WHAT YOU ARE ASKED TO DO: When writing out the entries below, keep only the lines from the line with "- Patogus dizainas: Universalus" to the line with "Custom Watercolor Portrait", both included, exactly as they are, and leave the pictures aside.

DATA SUPPLIED:

==================================================

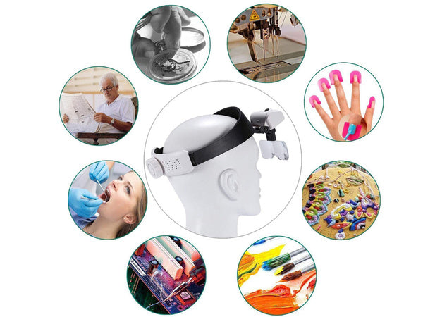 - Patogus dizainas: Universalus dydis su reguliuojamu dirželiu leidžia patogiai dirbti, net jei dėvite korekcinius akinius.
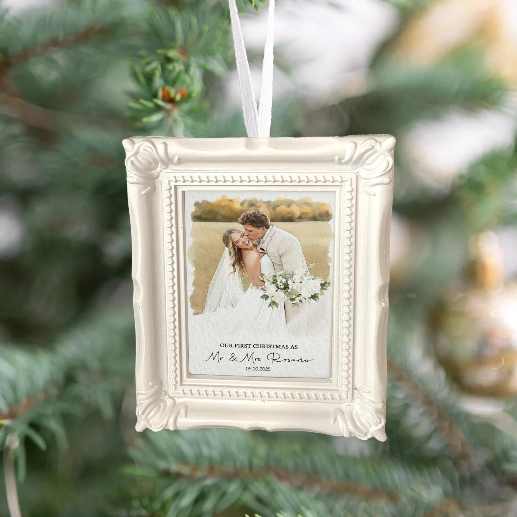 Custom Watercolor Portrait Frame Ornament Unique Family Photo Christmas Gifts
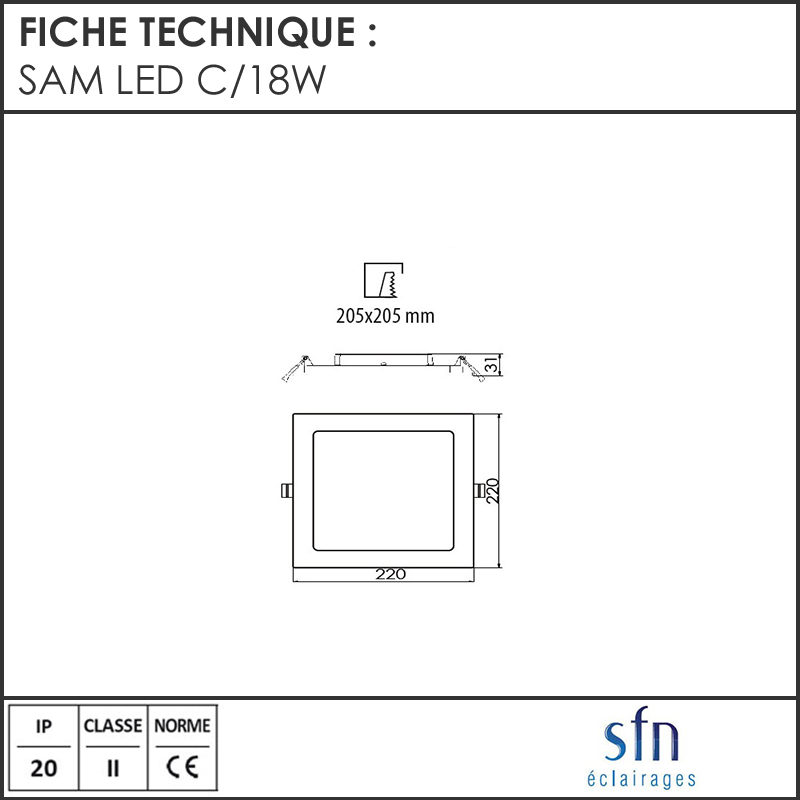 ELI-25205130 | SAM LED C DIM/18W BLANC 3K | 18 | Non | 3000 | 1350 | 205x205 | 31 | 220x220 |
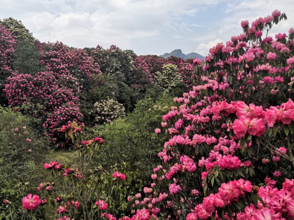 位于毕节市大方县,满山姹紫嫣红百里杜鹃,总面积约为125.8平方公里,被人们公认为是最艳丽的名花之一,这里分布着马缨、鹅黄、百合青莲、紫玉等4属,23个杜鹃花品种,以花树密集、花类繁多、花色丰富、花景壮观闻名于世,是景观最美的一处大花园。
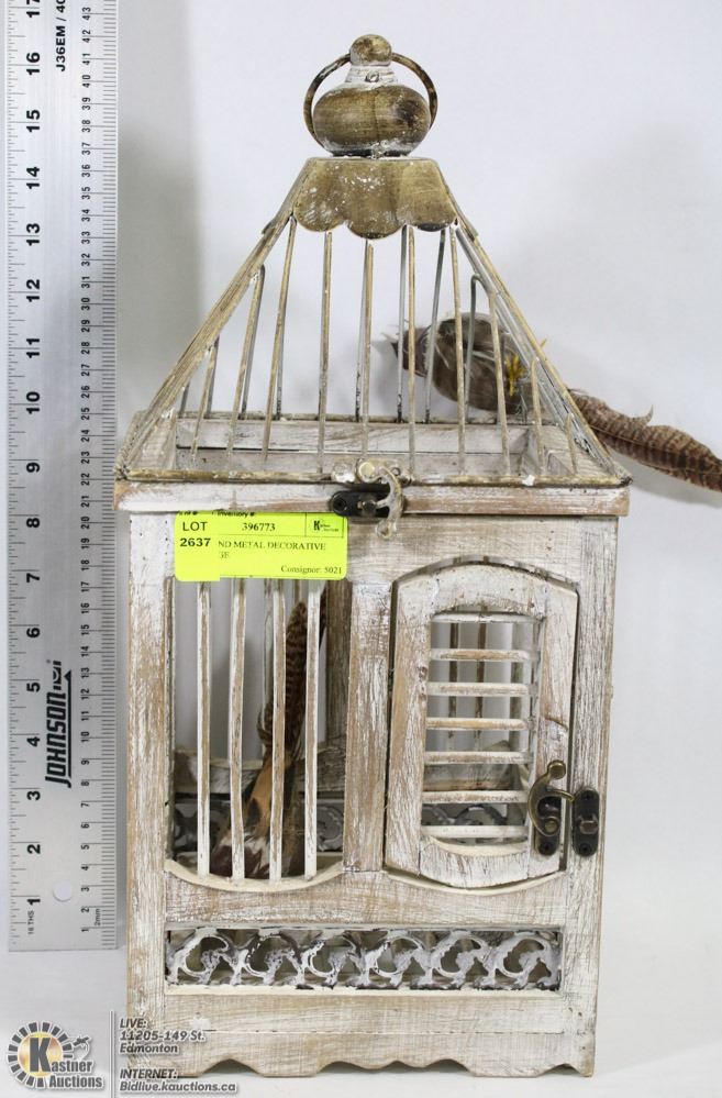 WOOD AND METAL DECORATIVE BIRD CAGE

==================================================

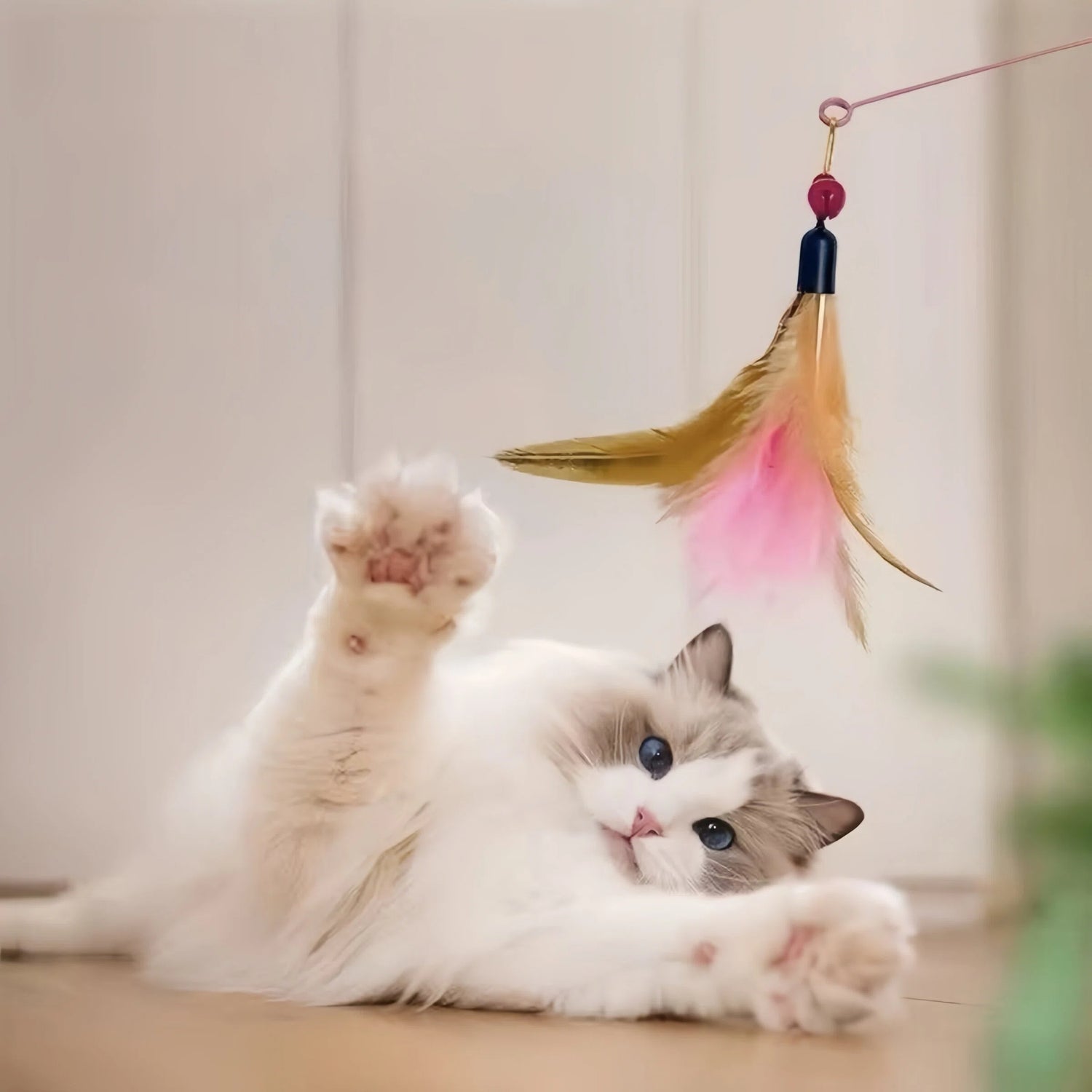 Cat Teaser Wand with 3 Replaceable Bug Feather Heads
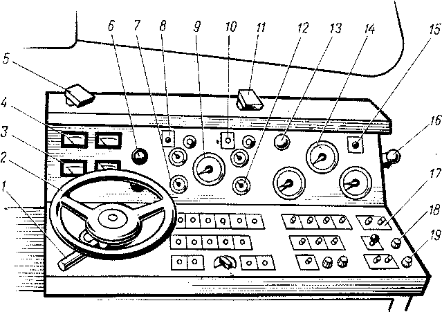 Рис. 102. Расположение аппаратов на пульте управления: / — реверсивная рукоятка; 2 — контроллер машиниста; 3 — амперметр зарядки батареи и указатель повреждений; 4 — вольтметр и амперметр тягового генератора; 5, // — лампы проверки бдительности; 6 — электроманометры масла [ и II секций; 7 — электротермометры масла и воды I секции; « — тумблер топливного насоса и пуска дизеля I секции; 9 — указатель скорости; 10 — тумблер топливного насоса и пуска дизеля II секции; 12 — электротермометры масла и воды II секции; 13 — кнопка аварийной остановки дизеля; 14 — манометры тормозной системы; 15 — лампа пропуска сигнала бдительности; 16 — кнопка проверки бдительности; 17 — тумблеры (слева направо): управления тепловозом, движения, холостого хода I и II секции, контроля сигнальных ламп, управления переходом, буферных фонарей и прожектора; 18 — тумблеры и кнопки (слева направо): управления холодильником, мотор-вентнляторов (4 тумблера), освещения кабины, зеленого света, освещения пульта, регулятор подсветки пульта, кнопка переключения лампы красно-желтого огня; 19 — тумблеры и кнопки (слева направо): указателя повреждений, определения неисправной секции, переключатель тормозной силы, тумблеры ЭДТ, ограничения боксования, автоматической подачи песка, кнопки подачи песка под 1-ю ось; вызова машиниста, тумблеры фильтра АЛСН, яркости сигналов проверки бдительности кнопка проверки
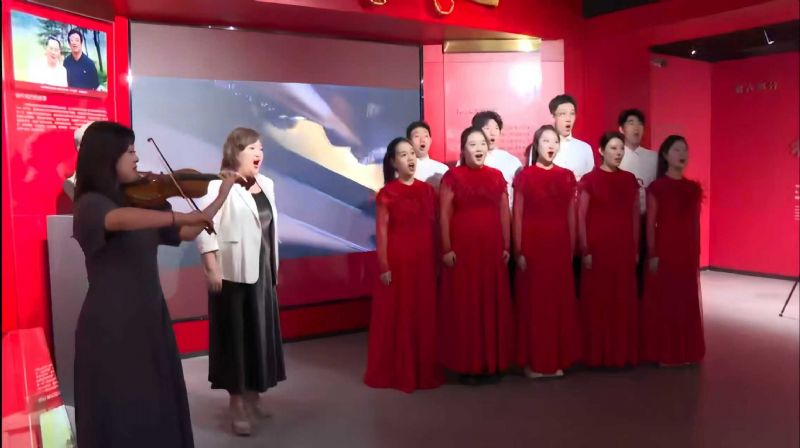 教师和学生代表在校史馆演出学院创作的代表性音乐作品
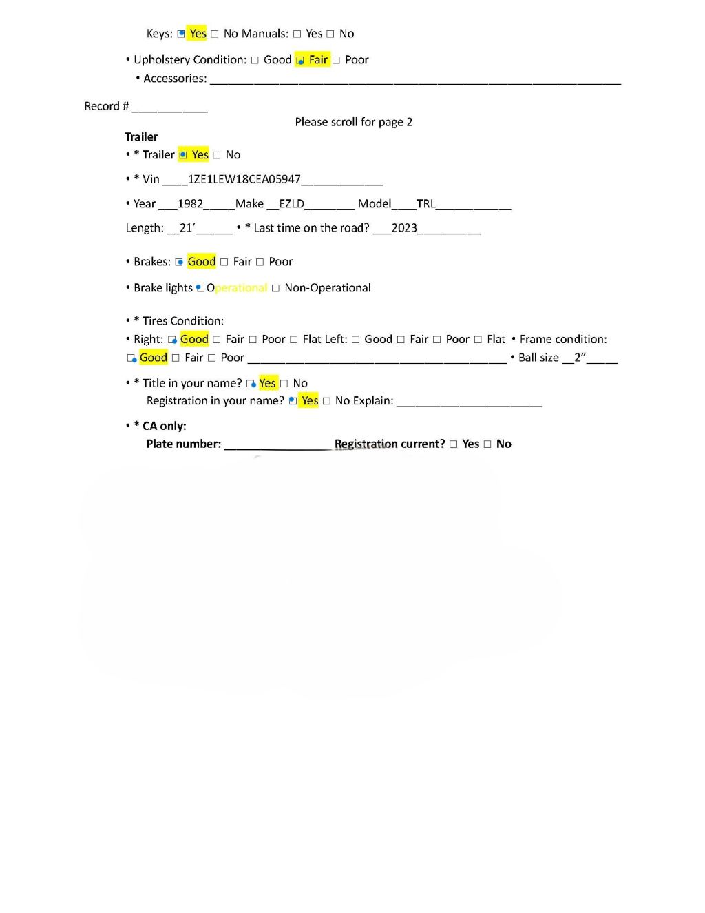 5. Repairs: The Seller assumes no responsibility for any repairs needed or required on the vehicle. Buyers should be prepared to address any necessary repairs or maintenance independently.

==================================================

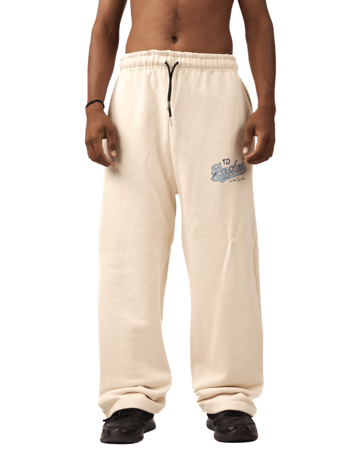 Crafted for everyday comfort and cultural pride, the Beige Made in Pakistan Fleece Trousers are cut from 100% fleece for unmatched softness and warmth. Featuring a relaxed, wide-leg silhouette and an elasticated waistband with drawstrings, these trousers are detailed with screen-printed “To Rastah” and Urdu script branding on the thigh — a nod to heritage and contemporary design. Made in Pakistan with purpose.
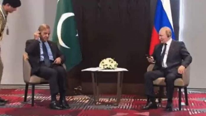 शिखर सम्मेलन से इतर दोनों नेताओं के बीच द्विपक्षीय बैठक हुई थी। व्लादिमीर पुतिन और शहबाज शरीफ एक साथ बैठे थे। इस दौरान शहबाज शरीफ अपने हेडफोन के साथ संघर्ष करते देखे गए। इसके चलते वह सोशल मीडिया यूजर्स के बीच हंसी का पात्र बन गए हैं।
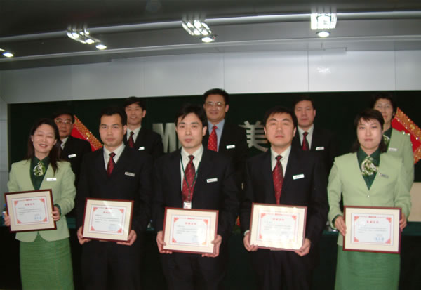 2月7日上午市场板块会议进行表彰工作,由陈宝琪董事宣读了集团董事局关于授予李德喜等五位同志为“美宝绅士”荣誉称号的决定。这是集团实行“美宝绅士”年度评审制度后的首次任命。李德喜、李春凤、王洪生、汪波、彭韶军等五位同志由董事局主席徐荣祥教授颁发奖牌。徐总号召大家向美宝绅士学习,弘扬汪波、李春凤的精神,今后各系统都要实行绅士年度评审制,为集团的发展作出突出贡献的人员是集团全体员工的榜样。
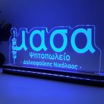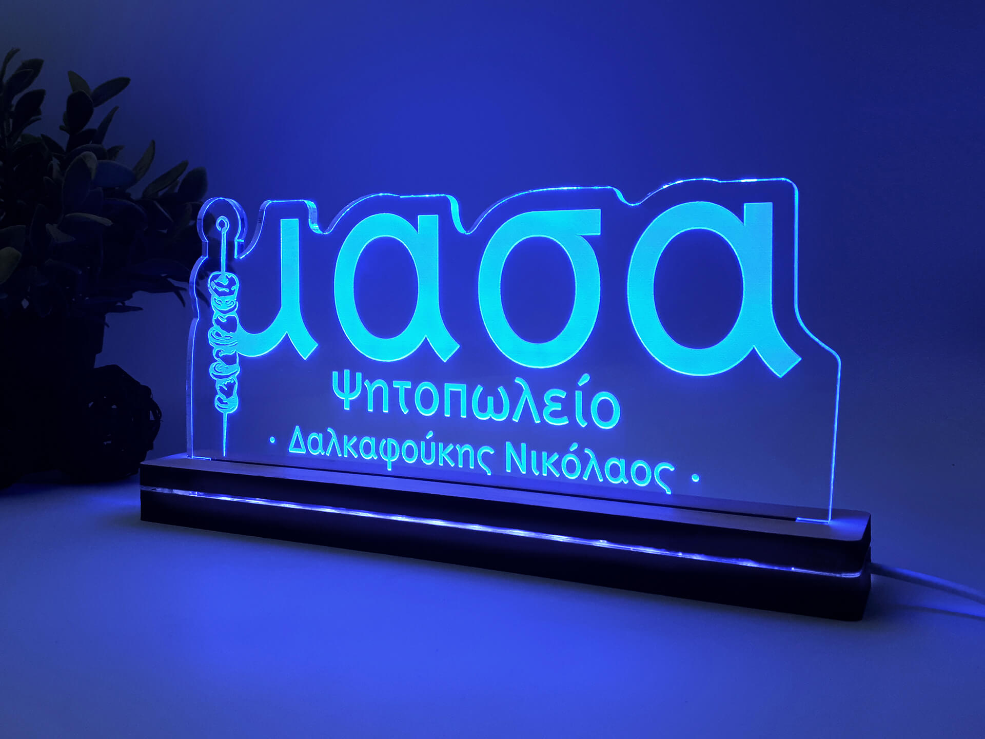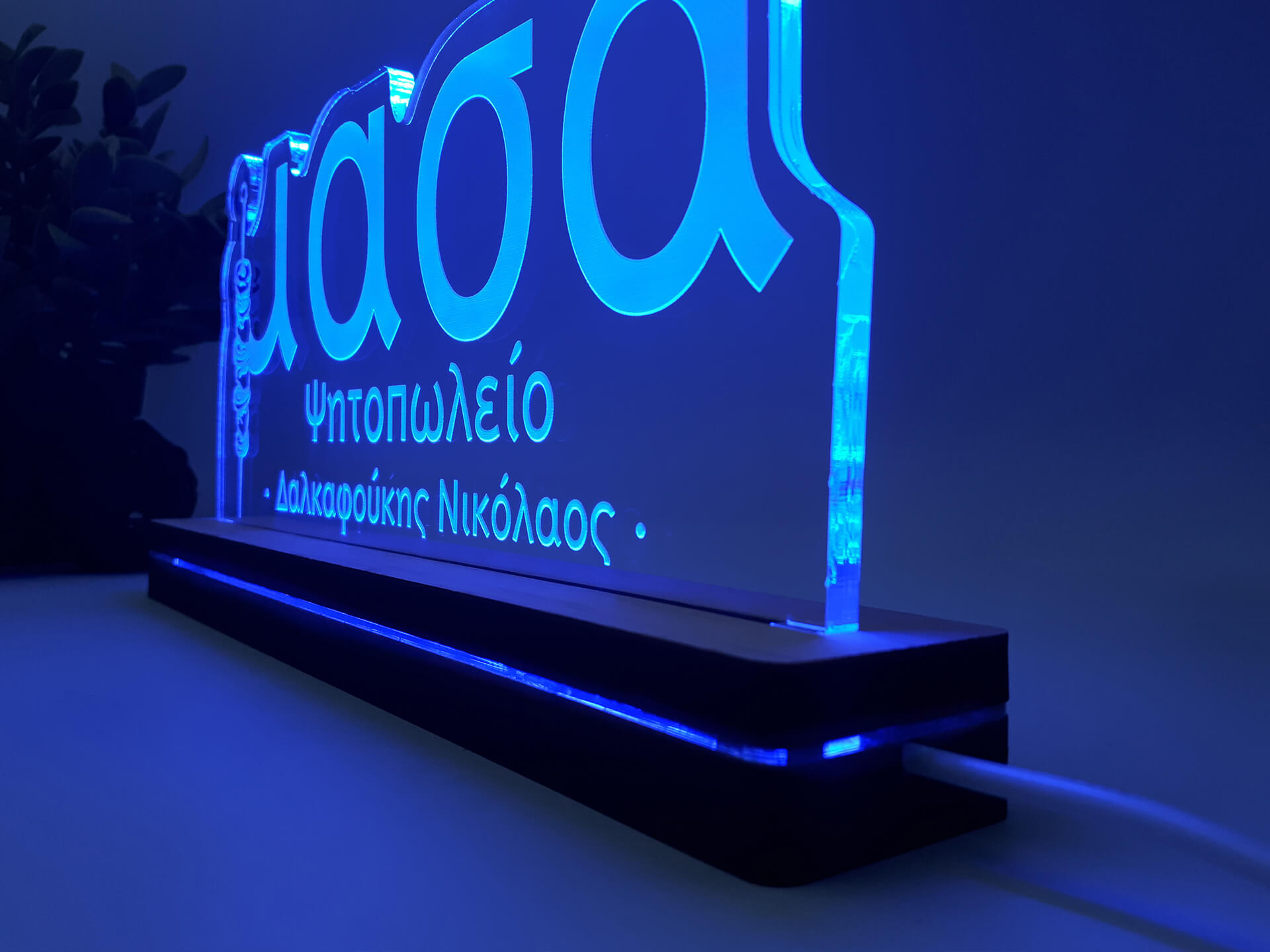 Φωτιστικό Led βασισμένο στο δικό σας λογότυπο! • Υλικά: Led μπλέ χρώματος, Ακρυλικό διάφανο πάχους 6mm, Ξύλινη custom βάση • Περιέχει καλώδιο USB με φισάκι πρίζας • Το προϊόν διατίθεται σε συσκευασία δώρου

==================================================

TASK RESPONSE:
 - Patogus dizainas: Universalus dydis su reguliuojamu dirželiu leidžia patogiai dirbti, net jei dėvite korekcinius akinius.
 Custom Watercolor Portrait Frame Ornament Unique Family Photo Christmas Gifts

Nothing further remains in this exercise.